The RSPCA has welcomed the Government’s recognition of the problem of fly-grazing following a one-day inquiry, which took place on September 3.

Following a debate on the issue, the Environment, Food and Rural Affairs Select Committee (EFRACom) signalled its intention to clarify legislation on the matter.

The RSPCA is one of six major animal welfare charities and countryside organisations that have warned of the problem posed by fly-grazing (leaving horses on someone else’s land without permission).

A joint report between welfare groups, “Stop the scourge – time to address unlawful fly-grazing in England”, reveals the extent of the issue.

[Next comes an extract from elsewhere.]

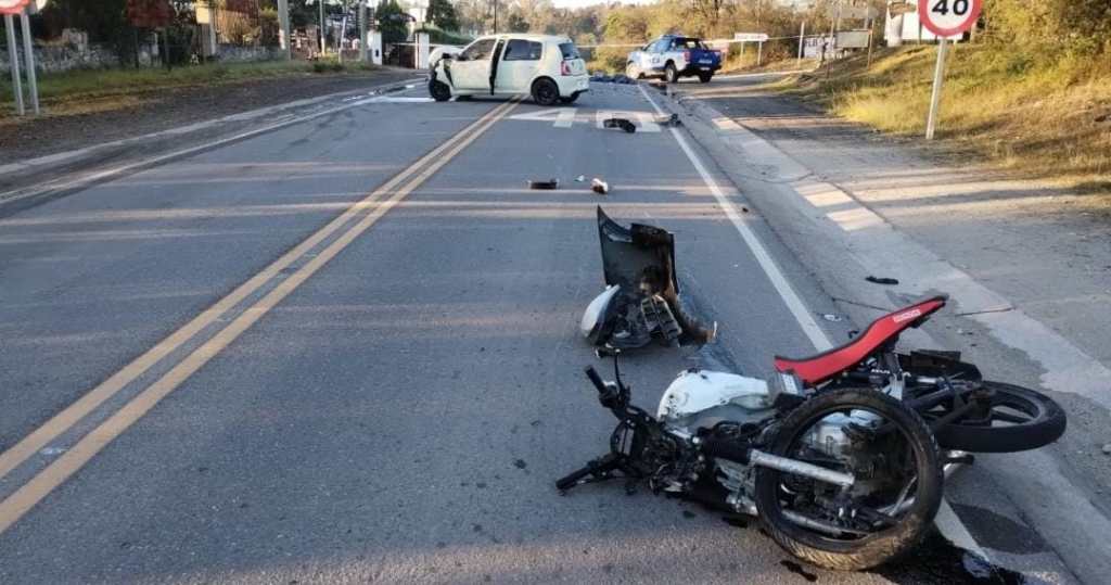 Según los informado por fuentes policiales, una motocicleta Honda Titan 150 cc conducida por un joven de 19 años oriundo de Villas Ciudad de América, colisionó con un automóvil Renault Clio conducido por un joven de 20 años y con domicilio en la ciudad de Alta Gracia.
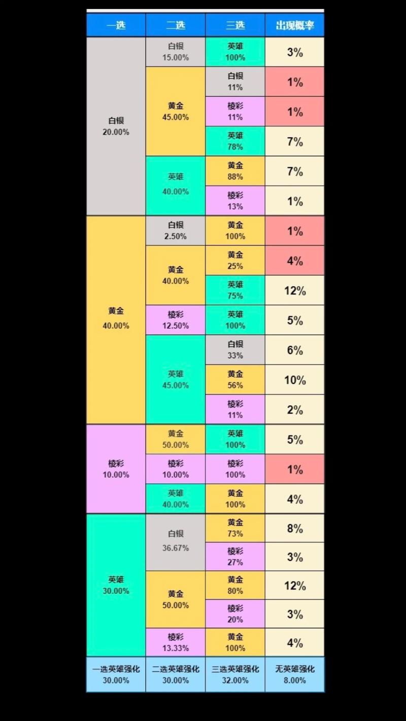 概率有1%,4%,10%,30%。近来已知的海克斯强化效果有150左右,等级分为银、金、彩色,55银、53金、41彩(自己数的,可能会误差)。玩家会在1-3-5和4-6的时候获得1次海克斯强化,每个人的都不一样,从3个海克斯里面选一个。

The report revealed more than 3,000 horses are being fly-grazed around England. Welfare groups now hope recognition of the problem will encourage legislation along the lines of the Control of Horses (Wales) Act 2014. This would enable local authorities and landowners to take swift and cost-effective action to deal with the issue.

David Bowles, head of external affairs for the RSPCA, said: “We are pleased the Government has finally recognised the law needs clarifying to help stop the scourge of fly-grazing on urban and farm land. For years we have been calling on Defra to bring in tougher laws on fly-grazing that will enable landowners, including local authorities, to act more quickly to resolve these situations and serve as a real deterrent.

It is a welcome step forward and we hope that new legislation could be on the statute book by the end of this parliament.  

“Already we’ve seen numbers of horses fly-grazed in England growing as numbers in Wales are on the decrease after it introduced its own tougher laws in January this year. Charities just cannot keep picking up the pieces when horses are left by irresponsible owners on other people’s land with no accountability and very little thought for the animals’ welfare.

“People expect us to be able to remove animals, but current legislation does not make this easy and we just cannot ask police to remove horses unless they are suffering.”

Particular fly-grazing hot spots are the Midlands and the Thames Estuary. A map has been produced to illustrate the scale of the problem.